Staff B was interviewed, during the observation, about the two staff members who work in the physicians' office medical record room and Staff B stated that these two staff members only work for the physicians' offices and are not hospital employees. These two years of death medical records are not filed and secured separately from the physicians' office records and they are not protected from unauthorized access by the physicians' office staff.
This same observation, of the two years of hospital patient death medical records, showed that these records were placed only in regular paper file folders and stacked on edge along metal shelves that have open sides - front and back.
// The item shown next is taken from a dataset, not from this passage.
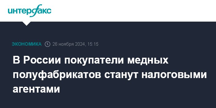 В России покупатели медных полуфабрикатов станут налоговыми агентами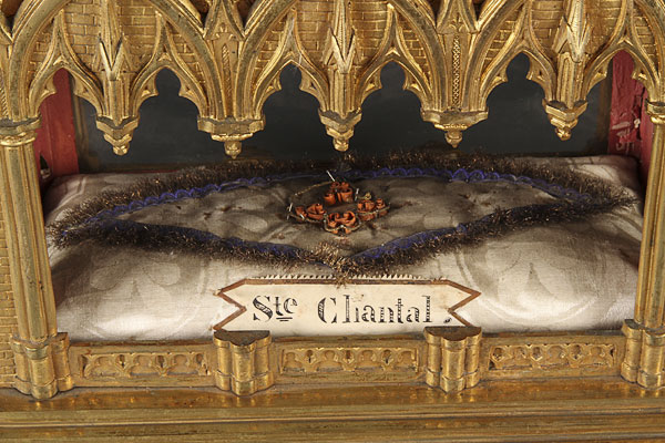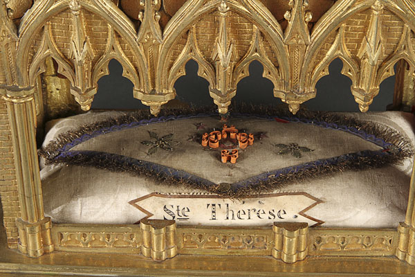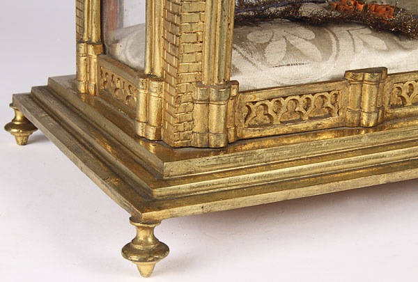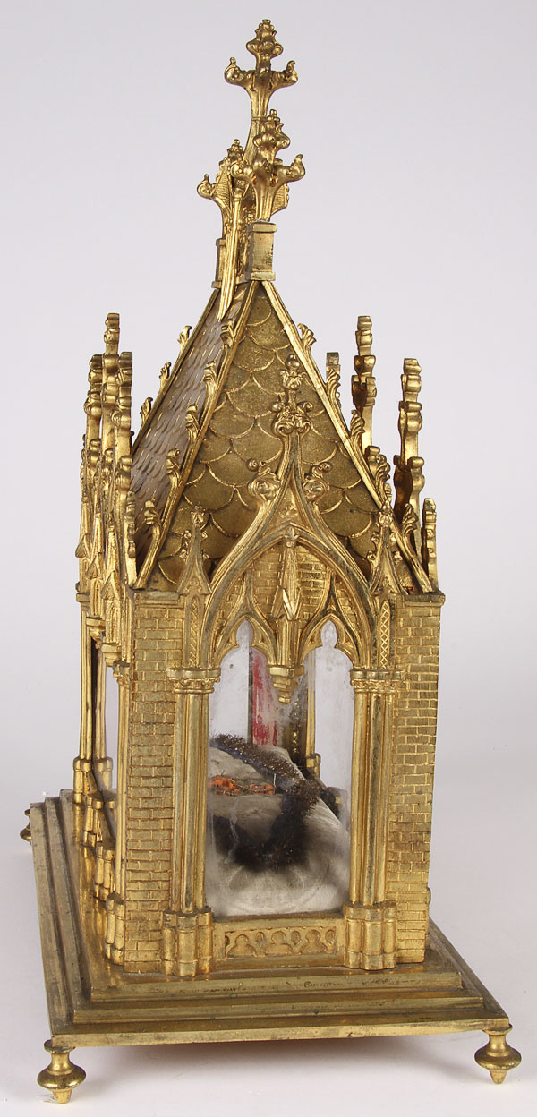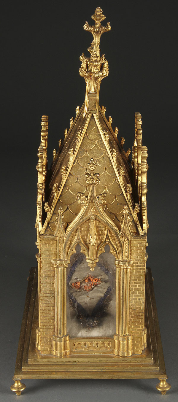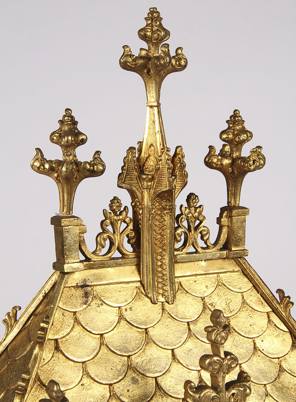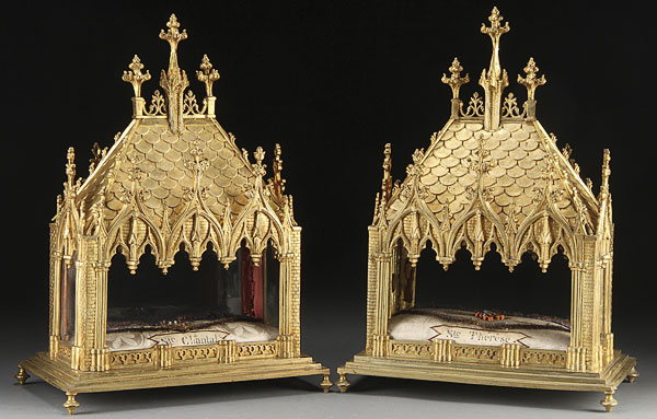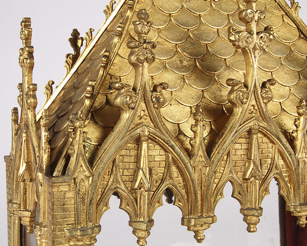 A PAIR OF MASSIVE GILT BRONZE MATCHING GOTHIC STYLE RELIQUARIES, FRENCH, 19TH CENTURY. Configured as Gothic style cathedrals, resting on raised feet, the sides opened beneath Gothic spires, the roof incised with fish scales and surmounted with three spires. Height 20.75 inches (52.5 cm), width 15.25 inches (39 cm), depth 9 inches (23 cm). Empty.

Interview with Staff B during the observation revealed that the medical record room has a smoke alarm system only, for fire protection, that rings when a fire occurs. These medical records have no protection from fire and no protection from water damage caused by water leaks or from water used to put out a fire.
3. On 11/5/10 in the early a.m. hospital medical records stored in the storage building on the hospital grounds were observed with Staff B present. The observation showed that the medical records were placed in covered boxes made of cardboard - boxes and covers. These cardboard boxes containing the medical records were stored in a chain-link enclosure and the boxes are piled directly on top of one another.
The 11/5/10 observation and interview with Staff B, showed that the storage building had other enclosures for paper record storage and that the building was equipped with only a smoke alarm system that rings when a fire occurs and alerts the staff in the hospital building of a fire at the storage building. These medical records stored in the cardboard boxes have no protection from fire and no protection from water damage caused by water leaks or from water used to put out a fire.